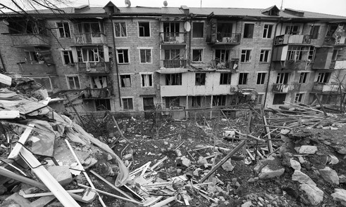 In the first few days after the end of the war between Armenia and Azerbaijan in Artsakh/Nagorno-Karabakh, it was difficult to find many people in the streets of Stepanakert, the capital of the Republic. However, finding houses and non-military buildings destroyed by Azeri bombs was quite easy. These photos show just a few examples of the level of destruction that the Azeri military directed daily at civilian targets and the Armenian residents in Stepanakert.
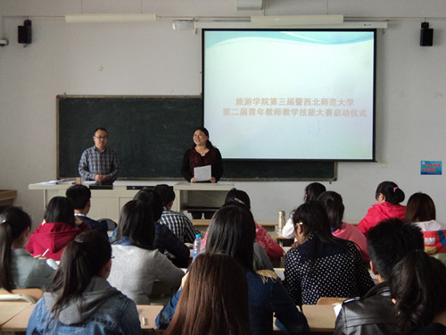 为造就学院师德高尚、业务精湛、结构合理、充满活力的高素质专业化师资队伍,经学院党政联席会议研究决定,本学期以“改进教学方法、提升教学能力、弘扬教学文化”为主题,举办第三届437必赢会员中心青年教师教学技能大赛。4月1日,学院第三届青年教师教学技能大赛正式启动。教学副院长高亚芳教授宣布由全院22名青年教师全部参加的大赛正式启动。党委书记贾志斌亲自带队,学院各位领导、督导和各系主任及资深教授担当评委。首场参赛的青年教师是主讲专业课《旅游理论前沿》的王耀斌老师,他准备充分扎实,从中国旅游产业发展的两大转变、旅游产业定位为经济产业的局限性以及正确认识旅游业的社会贡献等方面,对旅游产业性质的新思考进行讲授。王老师讲课方式新颖、气氛活跃,学生积极配合、师生互动较为充分,充分展示了青年教师应有的风采。
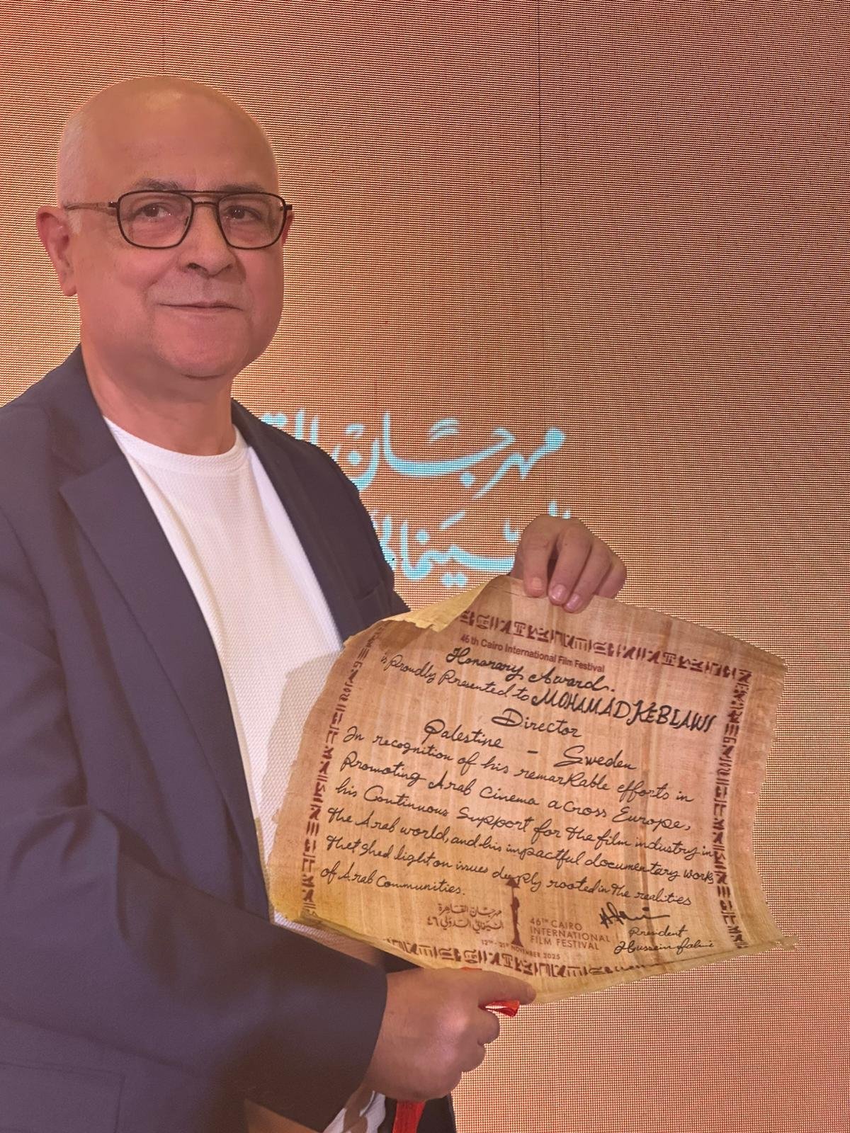 The 46th Cairo International Film Festival (CIFF) feted Palestinian-Swedish filmmaker Mohamed Keblawi, founder of the Malmö Arab Film Festival (MAFF), in a ceremony celebrating his pivotal role in advancing Arab cinema across Northern Europe and Scandinavia.
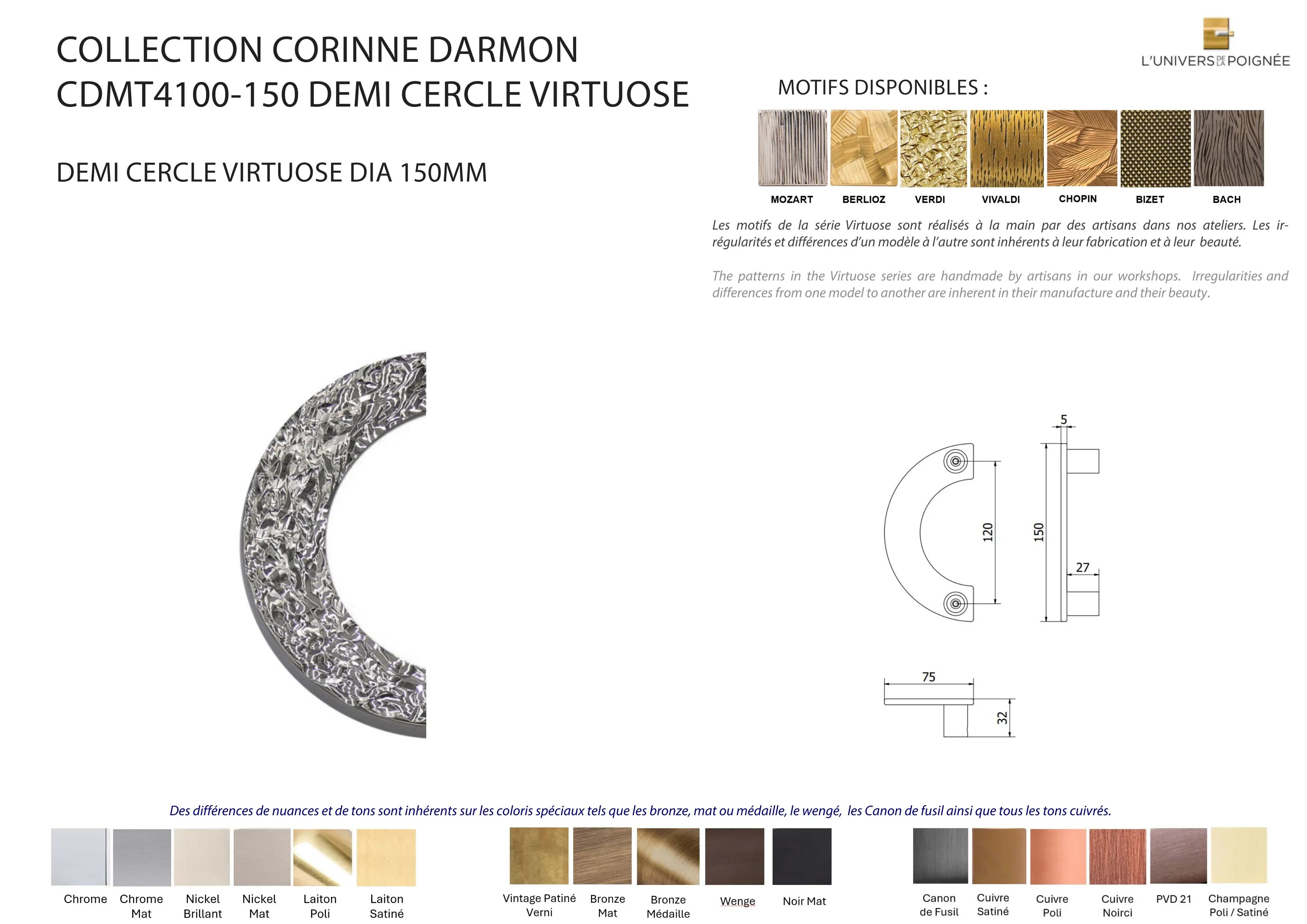 Poignée de tirage 1/2 cercle VIRTUOSE 150mm
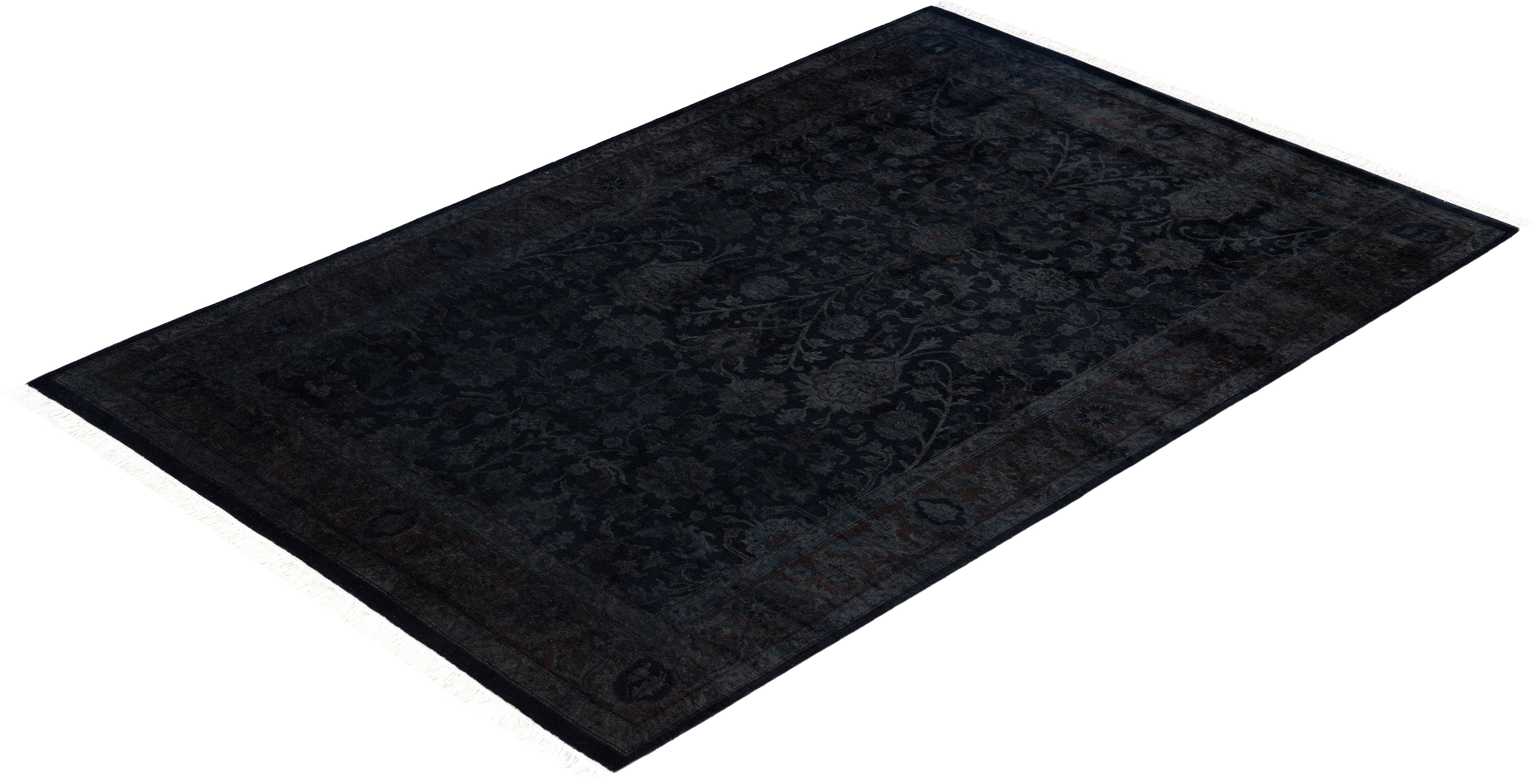 Contemporary Overdyed Wool Hand Knotted Black Area Rug 4' 2" x 6' 4"
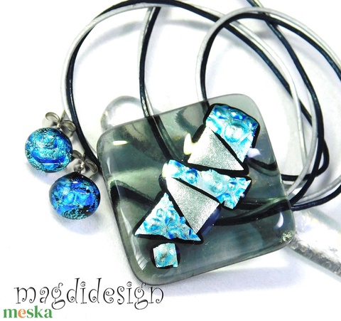 Csillogó dichroic szürkében üvegékszer szett nyaklánc stiftes fülbevaló
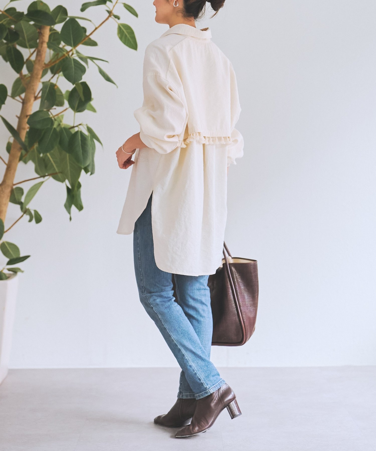 Длина закрывает талию, а закругленный низ с глубокими боковыми разрезами создает легкий и расслабленный силуэт.

*****

> _Problem description_: Ignoring the pictures, write out word for word the lines from the line containing "The 46th Cairo" through the end of the material above.

> _Answer section_:
 The 46th Cairo International Film Festival (CIFF) feted Palestinian-Swedish filmmaker Mohamed Keblawi, founder of the Malmö Arab Film Festival (MAFF), in a ceremony celebrating his pivotal role in advancing Arab cinema across Northern Europe and Scandinavia.
 Poignée de tirage 1/2 cercle VIRTUOSE 150mm
 Contemporary Overdyed Wool Hand Knotted Black Area Rug 4' 2" x 6' 4"
 Csillogó dichroic szürkében üvegékszer szett nyaklánc stiftes fülbevaló
 Длина закрывает талию, а закругленный низ с глубокими боковыми разрезами создает легкий и расслабленный силуэт.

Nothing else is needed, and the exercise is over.